The output from the cell above should look something like the dictionary shown below. Overall values might be different, based on what four items you choose to extract in Tasks 3 and 4, but the structure should be similar.

For example, if you choose to extract **Starring**, **Release Date**, **Box office**, and **Directed by**, then the output should look something like this for the first document:

```javascript
{
  'Box office': ['$775 million'],
  'Directed by': ['George Lucas'],
  'Release date': ['May 25, 1977'],
  'Starring': ['Mark Hamill', 'Harrison Ford', 'Carrie Fisher', 
               'Peter Cushing', 'David Prowse', 'James Earl Jones', ],
}
```

---

## Task 6: Evaluation (I) (15 Marks)

Write a function to evaluate the performance of Task $3$ using **Precision**, **Recall** and **F1** scores. Use the gold-standard labels provided in the JSON files to calculate these values.

Please note that not all the information / relations mentioned in Task $3$ have associated labels for each and every movie in the JSON documents, i.e., some JSON documents will have certain keys-value pairs missing. For example, we have labels for *Budget* in 46 out of the 50 movies and in the remaining 4 documents, you will find that the key `Budget` is omitted from the JSON.
 
Also keep in mind that we will further run this evaluation on a hidden test set containing similar movie descriptions.

In [None]:
def evaluate(labels, predictions):
  '''
  Evaluate the performance of relation extraction 
  using Precision, Recall, and F1 scores.

  Args:
    labels: A list containing gold-standard labels
    predictions: A list containing information extracted from documents
  Returns:
    scores: A dictionary containing Precision, Recall and F1 scores 
            for the information/relations extracted in Task 3.
  '''

  assert len(predictions) == len(labels)

  scores = {
      'precision': 0.0, 'recall': 0.0, 'f1': 0.0
  }

  # calculate the precision, recall and f1 score over the information fields 
  # corresponding to Task 3 and store the result in the `scores` dict.

  # your code goes here
  # ...



  return scores

---
Run the cell below to calculate and display the evaluation scores for the 50 documents in `movies.zip`.

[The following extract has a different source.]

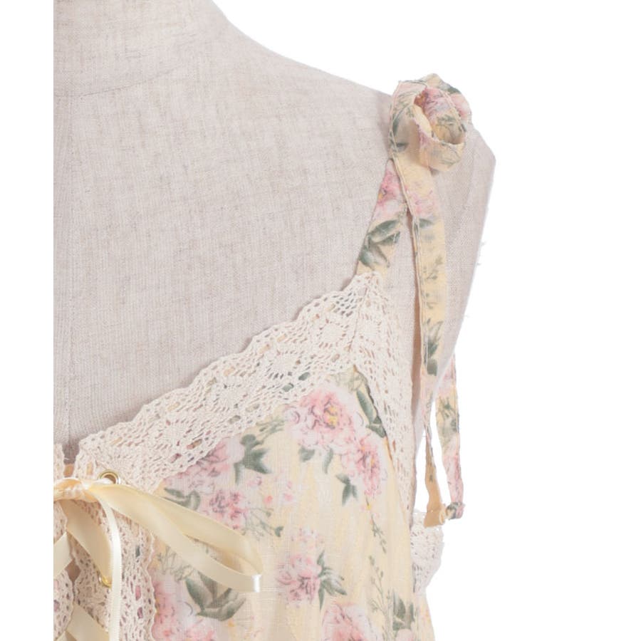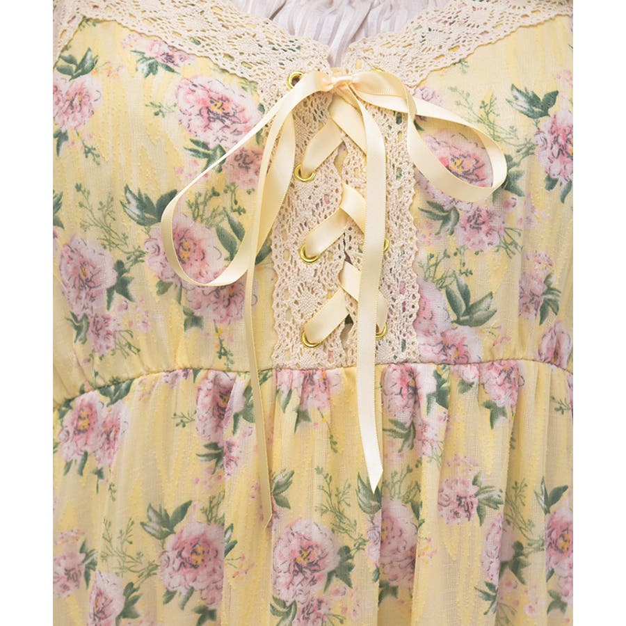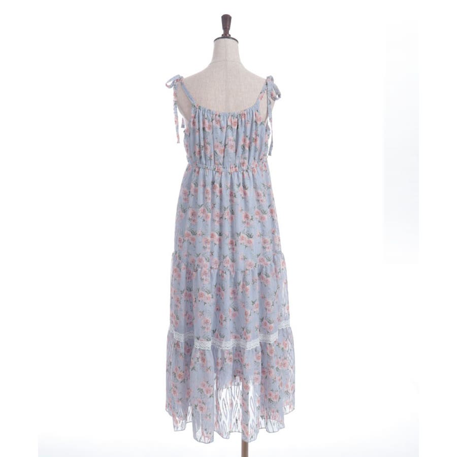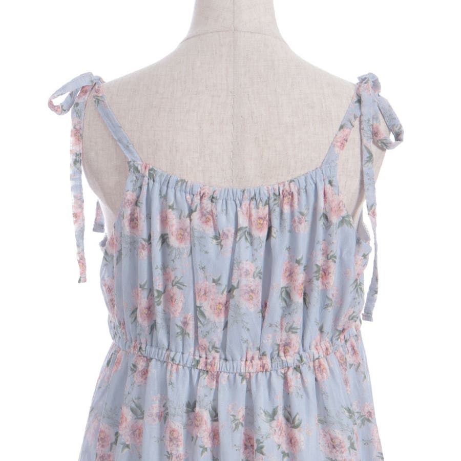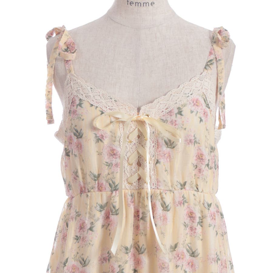 肩紐と胸元に施されたリボンがガーリーなアクセントに。ティアード切り替えとレースの装飾が、動くたびふわっと揺れる表情を演出し、着映え力のある仕上がりになっています。ウエストはゴム仕様で快適な着心地です。
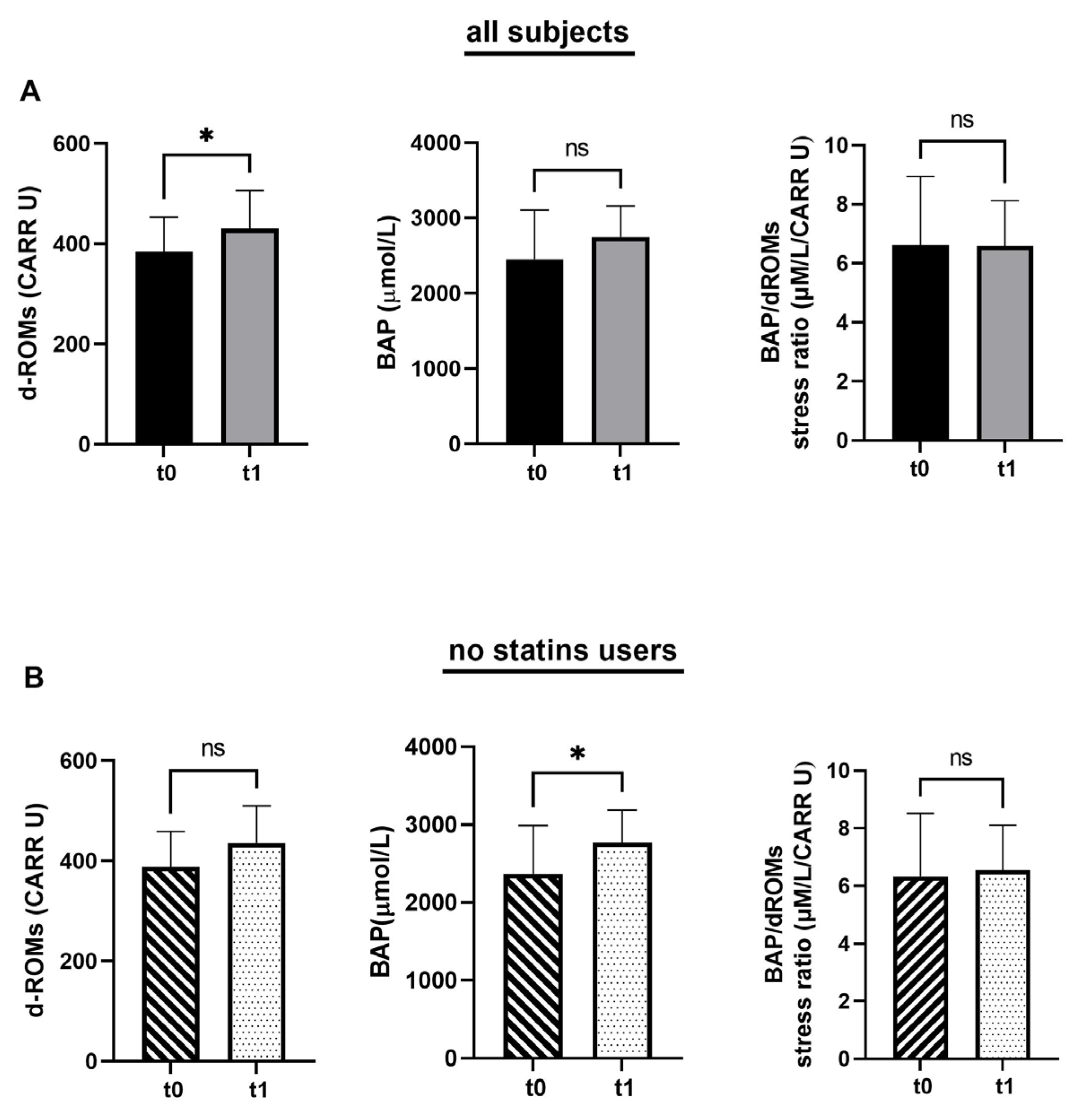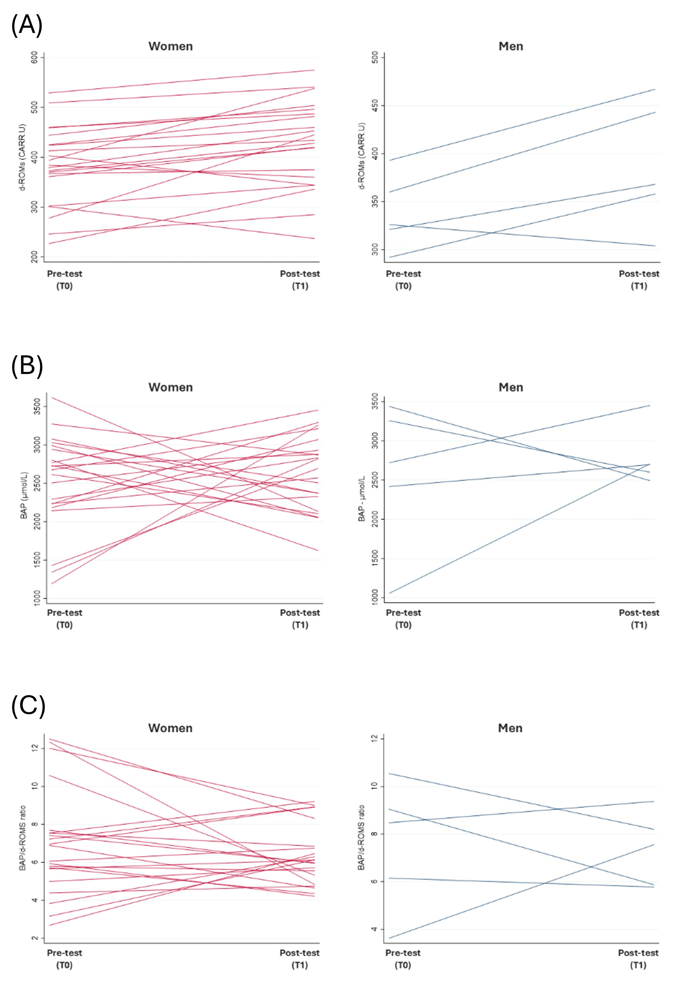 d-ROMs (U.CARR) | 383.2 ± 79.3 | 426.8 ± 87.3 | p < 0.01 (a) | 338.4 ± 38.9 | 388.0 ± 66.4 | n.s. (a) p = 0.0796 |

You can consider the following as a baseline score. Your aim should be to score higher or atleast get as close as possible to these values.

| Precision | Recall | F1    |
| :---:     | :---:  | :---: |
| 0.5       | 0.25   | 0.333 |

In [None]:
# !pip install pandas
import pandas as pd

# calculate evaluation score across all the 50 documents
extracted_infos = []
for document in documents:
  extracted_infos.append(extract_info(document))

scores = evaluate(labels, extracted_infos)

pd.DataFrame([scores])

---

## Task 7: Evaluation (II) (10 Marks)

Describe **two** challenges you encountered above or might encounter in the evaluation of *information extraction* or *relation extraction* tasks.


Edit this cell to write your answer below the line in no more than 100 words. No coding is required for this task.

---

> Delete this line and write your answer here.